Thursday, January 3, 2008

Kilbride 080102

Kilbride #080102

(Calcium Pits)

Lowville Re-entrant Valley was formed in the Niagara Escarpment by rivers and glaciers. Late Wisconsinan, Port Huron Stadial outwash, spillway channels, Halton Till and Peel Ponds are found in the valley. Preglacial and Holocene fluvial and karst processes have also contributed to the valley's evolution. Surficial and bedrock features. Ancient meltwater channel with outwash fan. Variety of Karst features. Excellent exposure of Amabel formations at Rattlesnake Point

The Lowville reentrant valley is a wide bedrock valley measuring approximately 2.3 miles (5km) wide and 5 miles (8km) long. This valley trends in a northeast-southwest direction and is flanked by the Milton Outlier on the north and Mount Nemo on the south which are composed of steep Amabel bluffs that border the entrance to this valley. The relatively flat valley floor is covered in late Wisconsin, Halton Till, that has been planed down by the Peel Ponding, a very temporary proglacial lake.

The Niagara Escarpment is buried under an arc of glacial outwash material around the head of the reentrant valley near Kilbride. These deposits probably formed around the perimeter of an ice front as it began to withdraw from the reentrant valley. During stages of the last deglaciation the ice meltwaters followed topographic low areas such as the ancient meltwater channel flowing southeast from Campbellville. A well-developed outwash fan formed at the southern end of this.

The bedrock complex immediately south of Campbellville, extending toward Kilbride, was subject to both glacial and postglacial erosion and thus exhibits a variety of karst (solution weathered) features. Crawford Lake is thought to a sink hole; however its great depth may suggest another mode of origin. The abandoned meltwater channel which ran south from Crawford Lake during the last deglaciation left an abandoned waterfall about 1/2 mile (0.8km) south of Crawford Lake. The bedrock channel running through what is known as Calcium Pits was probably part of a glacial meltwater channel which has been filled in by outwash material. More recently, it has been filling with marl deposition which was, at one time, extracted commercially for lime.

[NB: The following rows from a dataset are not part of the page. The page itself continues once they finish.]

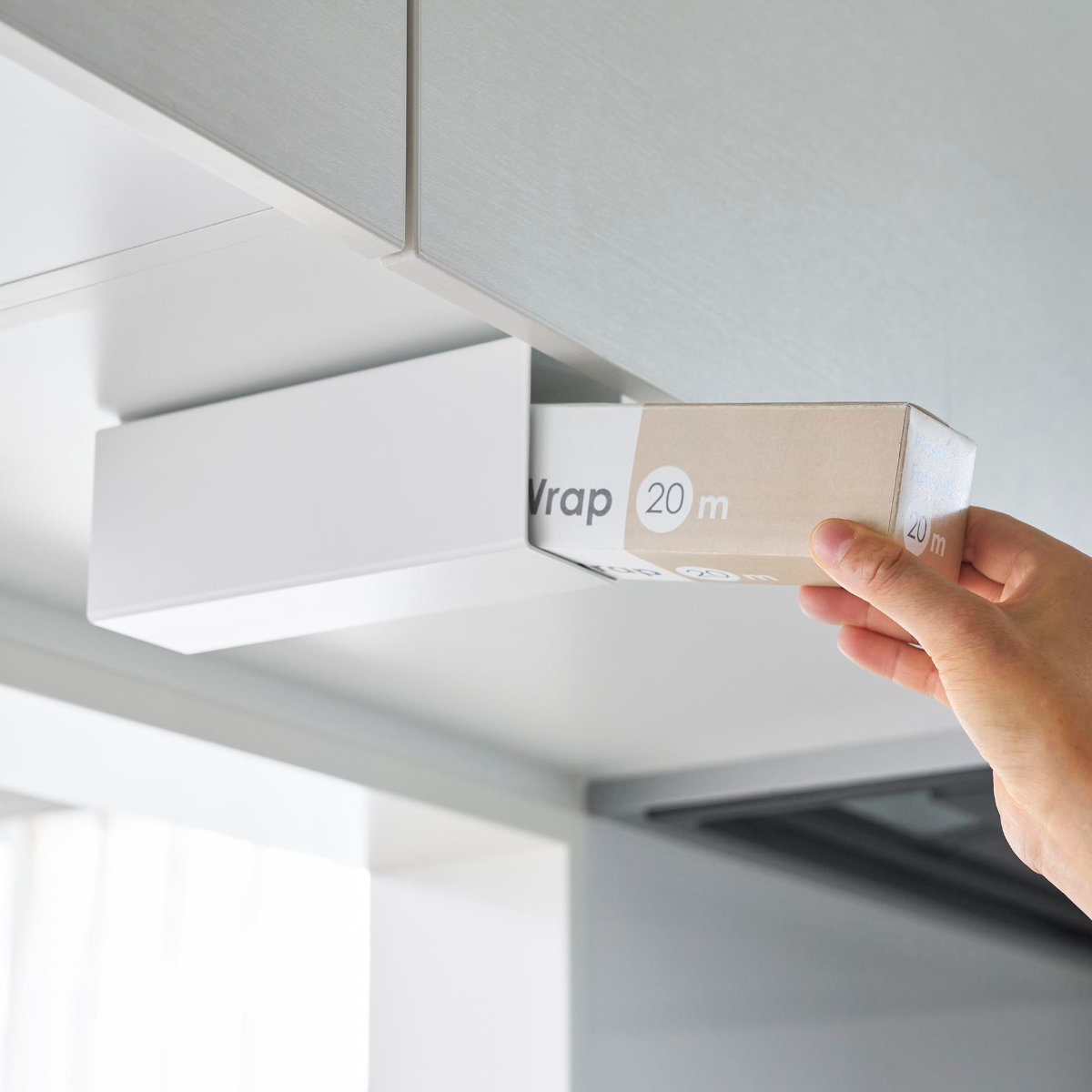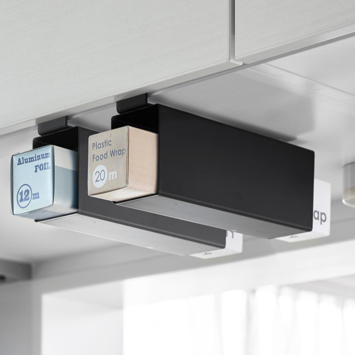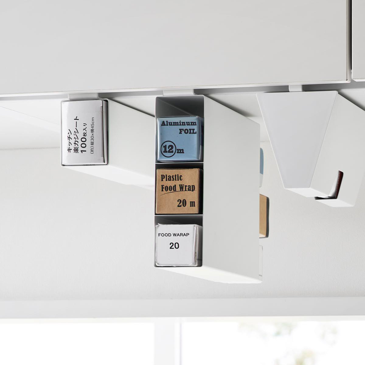 横に並べて設置すれば、ラップやアルミホイルを種類ごとに分けてまとめて収納でき、さらに使いやすくなります。戸棚下のスペースを無駄なく活用でき、見た目もすっきり整います。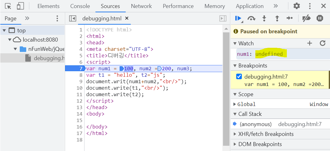 그 후 F5를 눌러 새로고침한 후 F11키를 누르면서 Watch에 등록된 변수를 관찰할 수 있다.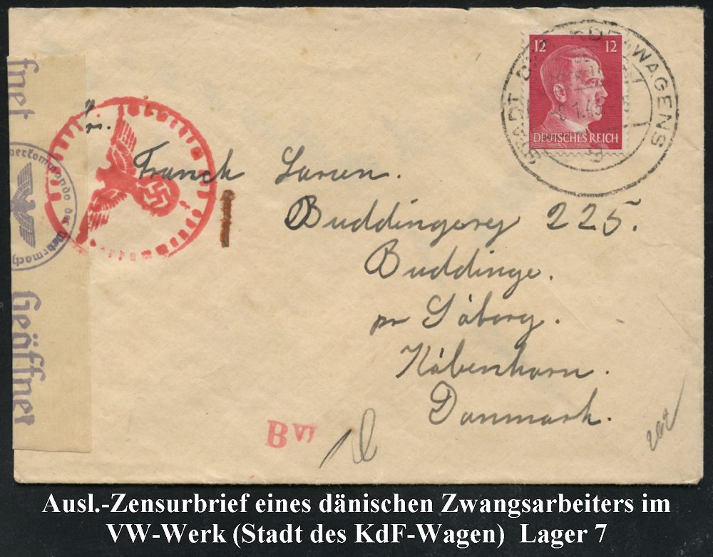 | 1672 | 65 € | ZWANGSARBEIT / LAGER : STADT DES KDF-WAGENS/ BEI/ FALLERSLEBEN/ g 1943 (8.1.) 2K-HdN auf EF 12 Pf. Hitler + roter Zensur-1K: Geprüft "f" + Verschlußstreifen "Geöffnet f" = Hamburg, rs. hs. Abs.: "...Dänische Lager Stadt des K.d.F. Wagens, Gem.(einschafts) Lager /.." (Bf. rs. etw. rauh geöffnet) sehr seltener Ausl.-Zensur-Bf. eines d ä n i s c h e n Zwangsarbeiters n. Kopenhagen + Faksimle des KdF-Barackenlagers (Mi.788 EF = "Europa"-Inlands-Tarif!) | | |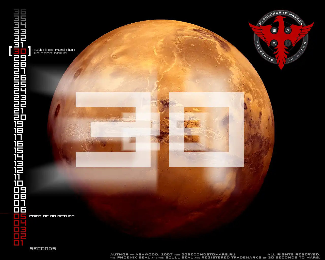 30 Seconds To Mars - это захватывающая и одаренная воображением группа из Южной Калифорнии. Они спродюссировали свой одноименный альбом на лейбле Immortal/Virgin вместе с легендарным Бобом Эзрином [ Bob Ezrin ] и новичком в этом деле Брайаном Вёрчу [ Brian Virtue ] (группа Jane` s Addiction). Они отыскали Эзрина, потому что росли, слушая его сногсшибательные работы с Pink Floyd, Kiss и Элисом Купером [ Alice Cooper ], и поняли, что он был единственным, кто мог помочь им воплотить размер и масштаб того, чего они хотели достигнуть на своем дебютном альбоме. Широкоформатное звучание коллектива, наполненное адреналином и тонкостями, балансирует на грани тяжелых гитарных партий с вокалом, воспевающим нечто высшее, и органическим синтезатором с электронной основой.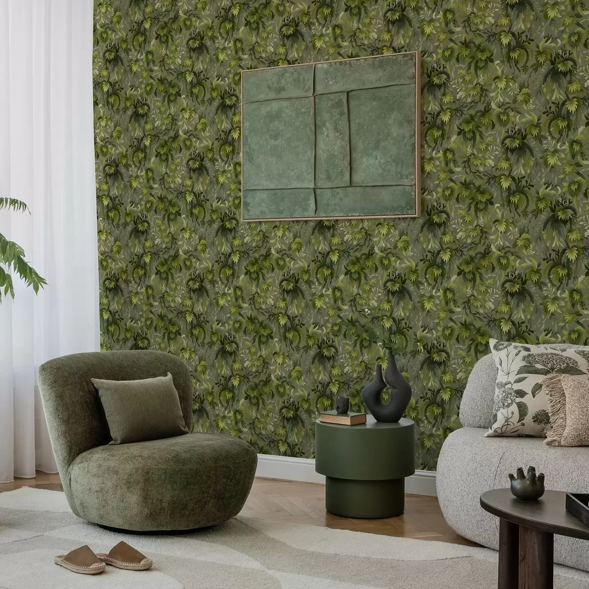 Tapete Dichtes grünes Laub auf graugrünem Hintergrund Nr. a00805v1

The Lowville Re-entrant Valley contains a number of regionally significant glacial and late glacial earth science features. These include both surficial and bedrock features. The type section for the Halton Till is located on the west bank of Bronte Creek about 2 miles (3.2 km) east of Lowville. Unfortunately, as with many Pleistocene type sections, it has become overgrown with vegetation and is no longer clearly exposed. Excellent exposures of the Amabel Formation at Rattlesnake Point and Mount Nemo outline the sides of this major re-entrant valley.